North American Network Operators Group
Date Prev | Date Next | Date Index | Thread Index | Author Index | Historical

Re: Great Suggestion for the DNS problem...?

  • From: Brian Dickson
  • Date: Thu Aug 28 23:35:33 2008
Alex Pilosov wrote:
On Thu, 28 Aug 2008, Brian Dickson wrote:

However, if *AS-path* filtering is done based on IRR data, specifically
on the as-sets of customers and customers' customers etc., then the
attack *can* be prevented.

The as-path prepending depends on upstreams and their peers accepting
the prefix with a path which differs from the expected path (if the
upstreams register their as-sets in the IRR).
You are thinking about this specific exploit - which may in fact be
stopped by as-path-filtering. However, that's not the problem you are
solving. Problem is the hijacking. There are many other ways to reinject
traffic closer to victim - will require attacker to work a little harder,
but not really fix the problem. (Think, GRE tunnels, no-export,
no-export-to-specific-peer, etc).

<snipped>


Very true.
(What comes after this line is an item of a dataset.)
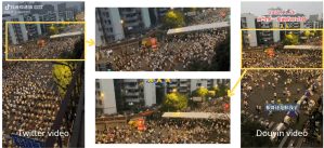 In one of the Douyin videos filmed just before the marathon started, an “E” sign can be seen, which also appeared in the Twitter video.

Tying allocations and assignments to ASN-of-origin and providing a suitable place
to validate such, for building prefix and as-path filters, would do a lot towards further limiting
the ability to hijack prefixes - but only to the degree to which providers filter their customers.

And that's only on routes - to say nothing of packet filtering (BCP 38)...

So, if the upstreams of as-hijacker reject all prefixes with an as-path
which includes as-bar (because as-bar is not a member of any customer's
as-set expansion), the attack fails.
What's to stop me from adding as-bar into my as-set? To do what you are
describing, you will have to enforce "export AS-LEFT" and "import
AS-RIGHT" rules on every pair of AS-PATH adjacencies. And I'm not sure if
existing tools can do that - or how many existing adjacencies fail that
test.



True, there is nothing actually stopping you from doing this.

However, (and this is both the key, and a big presumption) changes to as-sets are the kind of thing
that automatic provisioning tools should alert on, and require confirmation of, before updating prefix-lists
and as-path lists based on the new members of the as-set.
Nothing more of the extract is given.